■ INFORMATION SHOWN ■

:::

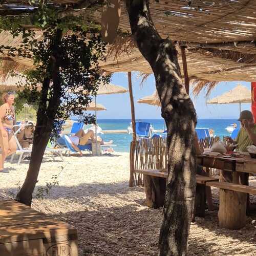 🐚 The beach has small pebbles, clear waters, and often feels like a private island escape.
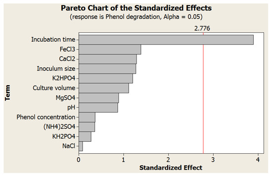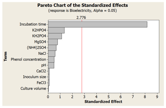 Some variables, namely, incubation time, FeCl3, and CaCl2, were found to be the most significant for phenol biodegradation. On the other hand, incubation time, K2HPO4, and KH2PO4 were found to be significant for bioelectricity generation, which was further confirmed using Pareto charts (Figure 6 and Figure 7). Therefore, incubation time, K2HPO4, KH2PO4, FeCl3, and CaCl2 were selected for further optimization at five coded levels (−2, −1, 0, 1, 2) for a deeper analysis of the whole process using consortium B by applying a CCD, as they were confirmed to have a tremendous effect on both the phenol biodegradation and bioelectricity generation.
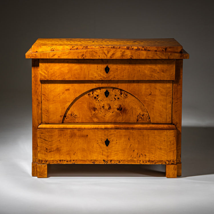 Three-drawer Biedermeier chest veneered in birch with burl veneer accents and ebonized escutcheons.
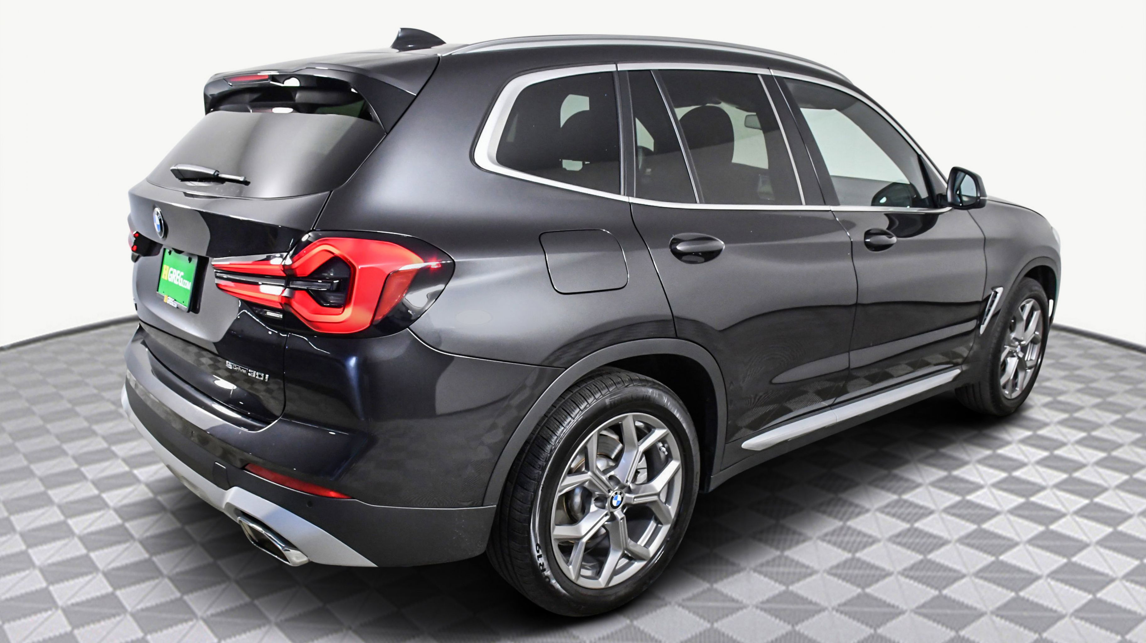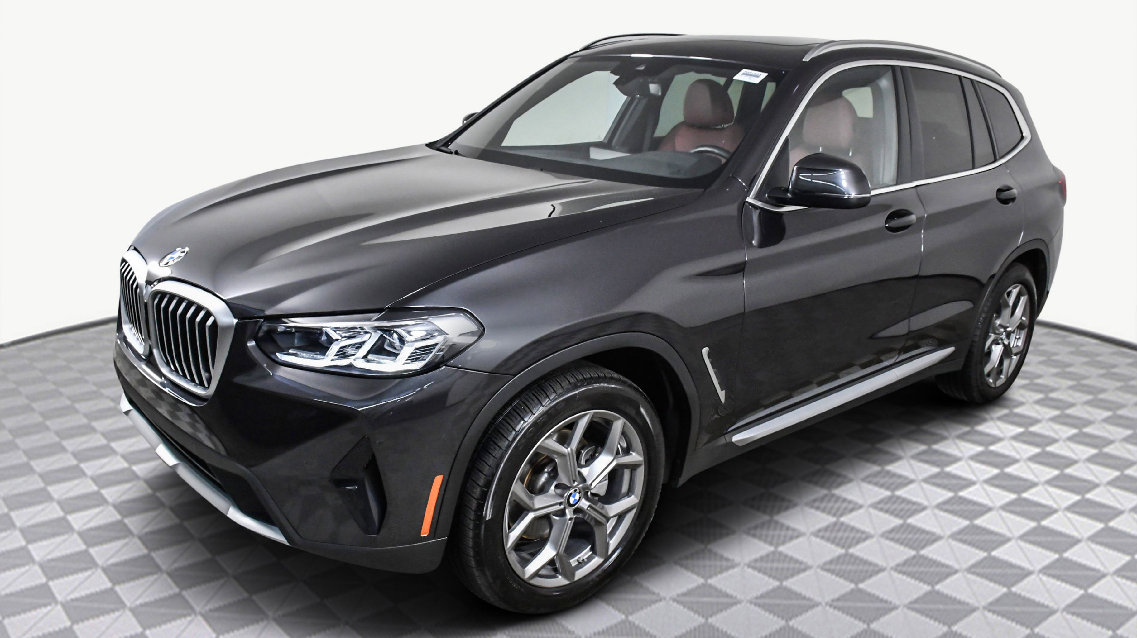 Dark Graphite Metallic 2024 BMW X3 sDrive30i RWD 8-Speed Automatic Sport I4 8-Speed Automatic Sport, Connected Package Pro, Convenience Package w/ZPA, Lumbar Support, Panoramic Moonroof (ZPA), 12 Speakers, 3.385 Axle Ratio, 4-Wheel Disc Brakes, ABS brakes, Air Conditioning, Alloy wheels, Aluminum Interior Trim, AM/FM Radio, AM/FM radio: SiriusXM, Apple CarPlay & Android Auto Compatibility, Auto High-beam Headlights, Auto-dimming door mirrors, Auto-dimming Rear-View mirror, Automatic temperature control, BMW Assist eCall, BMW TeleServices, Brake assist, Bumpers: body-color, Comfort Access Keyless Entry, ConnectedDrive Services, Delay-off headlights, Driver door bin, Driver vanity mirror, Dual front impact airbags, Dual front side impact airbags, Electronic Stability Control, Emergency communication system: BMW Assist eCall, Enhanced USB & Bluetooth w/Smartphone Integration, Exterior Parking Camera Rear, Four wheel independent suspension, Front anti-roll bar, Front Bucket Seats, Front Center Armrest, Front dual zone A/C, Front reading lights, Fully automatic headlights, Garage door transmitter, Genuine wood dashboard insert, Genuine wood door panel insert, Heated door mirrors, Hi-Fi Sound System, Illuminated entry, Knee airbag, Leather steering wheel, Low tire pressure warning, Memory seat, Navigation, Navigation System, Occupant sensing airbag, Outside temperature display, Overhead airbag, Panic alarm, Passenger door bin, Passenger vanity mirror, Perforated SensaTec Upholstery, Power door mirrors, Power driver seat, Power Front Seats, Power Liftgate, Power passenger seat, Power steering, Power windows, Radio data system, Rain sensing wipers, Rear air conditioning, Rear anti-roll bar, Rear reading lights, Rear seat center armrest, Rear window defroster, Rear window wiper, Remote keyless entry, Security system, Speed control, Speed-sensing steering, Speed-Sensitive Wipers, Split folding rear seat, Spoiler, Sport Seats, Sport steering wheel, Steering wheel mounted audio controls, Tachometer, Telescoping steering wheel, Tilt steering wheel, Traction control, Trip computer, Turn signal indicator mirrors, Variably intermittent wipers, Wheels: 19 x 7.5 Y-Spoke (Style 693), WiFi Hotspot, 8-Speed Automatic Sport, Connected Package Pro, Convenience Package w/ZPA, Lumbar Support, Panoramic Moonroof (ZPA).

:::

■ TASK DIRECTIONS ■
Copy out all of the material exactly as written, without its pictures.

■ RESULT FOR THIS EXERCISE ■
 🐚 The beach has small pebbles, clear waters, and often feels like a private island escape.
 Some variables, namely, incubation time, FeCl3, and CaCl2, were found to be the most significant for phenol biodegradation. On the other hand, incubation time, K2HPO4, and KH2PO4 were found to be significant for bioelectricity generation, which was further confirmed using Pareto charts (Figure 6 and Figure 7). Therefore, incubation time, K2HPO4, KH2PO4, FeCl3, and CaCl2 were selected for further optimization at five coded levels (−2, −1, 0, 1, 2) for a deeper analysis of the whole process using consortium B by applying a CCD, as they were confirmed to have a tremendous effect on both the phenol biodegradation and bioelectricity generation.
 Three-drawer Biedermeier chest veneered in birch with burl veneer accents and ebonized escutcheons.
 Dark Graphite Metallic 2024 BMW X3 sDrive30i RWD 8-Speed Automatic Sport I4 8-Speed Automatic Sport, Connected Package Pro, Convenience Package w/ZPA, Lumbar Support, Panoramic Moonroof (ZPA), 12 Speakers, 3.385 Axle Ratio, 4-Wheel Disc Brakes, ABS brakes, Air Conditioning, Alloy wheels, Aluminum Interior Trim, AM/FM Radio, AM/FM radio: SiriusXM, Apple CarPlay & Android Auto Compatibility, Auto High-beam Headlights, Auto-dimming door mirrors, Auto-dimming Rear-View mirror, Automatic temperature control, BMW Assist eCall, BMW TeleServices, Brake assist, Bumpers: body-color, Comfort Access Keyless Entry, ConnectedDrive Services, Delay-off headlights, Driver door bin, Driver vanity mirror, Dual front impact airbags, Dual front side impact airbags, Electronic Stability Control, Emergency communication system: BMW Assist eCall, Enhanced USB & Bluetooth w/Smartphone Integration, Exterior Parking Camera Rear, Four wheel independent suspension, Front anti-roll bar, Front Bucket Seats, Front Center Armrest, Front dual zone A/C, Front reading lights, Fully automatic headlights, Garage door transmitter, Genuine wood dashboard insert, Genuine wood door panel insert, Heated door mirrors, Hi-Fi Sound System, Illuminated entry, Knee airbag, Leather steering wheel, Low tire pressure warning, Memory seat, Navigation, Navigation System, Occupant sensing airbag, Outside temperature display, Overhead airbag, Panic alarm, Passenger door bin, Passenger vanity mirror, Perforated SensaTec Upholstery, Power door mirrors, Power driver seat, Power Front Seats, Power Liftgate, Power passenger seat, Power steering, Power windows, Radio data system, Rain sensing wipers, Rear air conditioning, Rear anti-roll bar, Rear reading lights, Rear seat center armrest, Rear window defroster, Rear window wiper, Remote keyless entry, Security system, Speed control, Speed-sensing steering, Speed-Sensitive Wipers, Split folding rear seat, Spoiler, Sport Seats, Sport steering wheel, Steering wheel mounted audio controls, Tachometer, Telescoping steering wheel, Tilt steering wheel, Traction control, Trip computer, Turn signal indicator mirrors, Variably intermittent wipers, Wheels: 19 x 7.5 Y-Spoke (Style 693), WiFi Hotspot, 8-Speed Automatic Sport, Connected Package Pro, Convenience Package w/ZPA, Lumbar Support, Panoramic Moonroof (ZPA).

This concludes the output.